To increase the generalizability to other populations and to focus on the predictive power of the smell tests, per se, we focused on using only the responses to the odorant items in the machine learning analysis and didn’t emphasize non-olfactory demographic variables. Inclusion of the limited demographic information available, namely age and sex, did not result in any improvement beyond that achievable with odorant test data alone (see Supplementary File). If one wished to combine the smell test data developed in this study with other demographic data, such inclusion would likely necessitate a more sophisticated scoring.

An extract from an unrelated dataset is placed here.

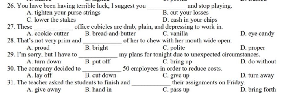 30: A ( lay off: có nghĩa là xa thải , cut down + on mang nghĩa là cắt giảm thứ j , give up là từ bỏ , turn quay đi )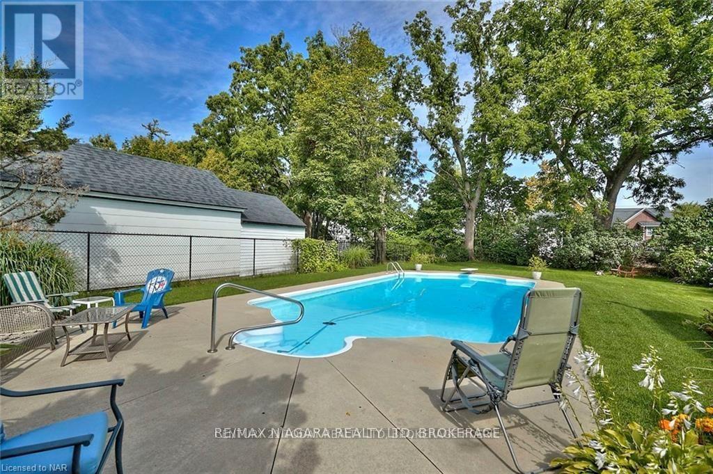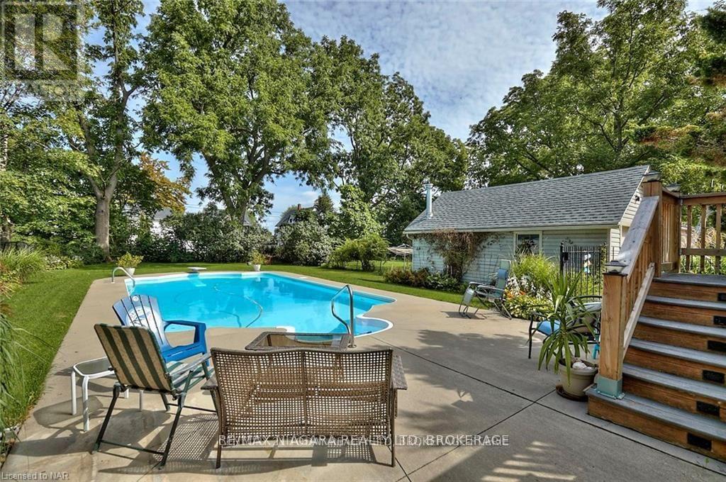 This beautifully crafted 2.5-storey stone and brick home sits on a generous lot just steps from the Niagara River, offering a rare blend of elegance, history, and modern comfort. Step inside to discover soaring 9-foot ceilings, gleaming wood floors, and exquisite original wood trim and doors. The inviting living room features a corner gas fireplace with oak surround, while the formal dining room seamlessly connects to both the kitchen and living area. The thoughtfully updated kitchen (2012) boasts granite countertops, crisp white cabinetry, a centre breakfast island, and tiled flooring perfect for everyday living and entertaining. A unique secondary staircase leads to the upper level, where the primary bedroom offers its own private balcony (redone in 2016). The second-floor bathroom was fully remodeled in 2018, complementing three additional spacious bedrooms. The finished third level provides a versatile retreat with skylights, a carpeted recreation room, office area, and ample storage. Outdoors, beautifully landscaped grounds frame a stunning in-ground pool (18' x 38', up to 9.5 ft deep) with a brand-new liner installed in 2023 along with a new heater (2023), creating a private oasis for relaxation and gatherings. A fenced backyard and single detached garage complete the exterior. This meticulously maintained home has seen numerous updates, including a new roof (2016), furnace (2018), re-done driveway (2016), flooring (2014), balcony, windows, and more ensuring peace of mind for years to come. (id:64974)

To our knowledge, this is the first study to develop multiple parallel brief smell identification tests useful for detecting temporal changes in smell function with high sensitivity and specificity. The study has both strengths and weaknesses. Among its strengths are the use of data from a relatively large number of persons with and without smell dysfunction. Another strength was the systematic exploration of the efficacy of numerous machine learning algorithms to optimize sensitivity in detecting smell dysfunction. Several potential weaknesses should be acknowledged. First, one might argue that the current sample size was inadequate for the performed analyses. However, this is unlikely since the cross-validation procedure addresses this concern and demonstrated the opposite. Second, data augmentation (Shorten & Khoshgoftaar, 2019) was not performed in this study. Such augmentation is employed to reduce overfitting when training a machine learning model. However, since the dataset contained relatively balanced numbers of participants in the two groups, this procedure was not necessary. A third concern might be that the tests we employed were reliant on smell identification and did not account for changes that may occur on other measures, such as an odor threshold. This is also unlikely, since it is well documented that identification tests such as the UPSIT® are strongly correlated with a number of types of olfactory tests, including detection threshold tests (Doty et al., 1994; Doty et al., 2019).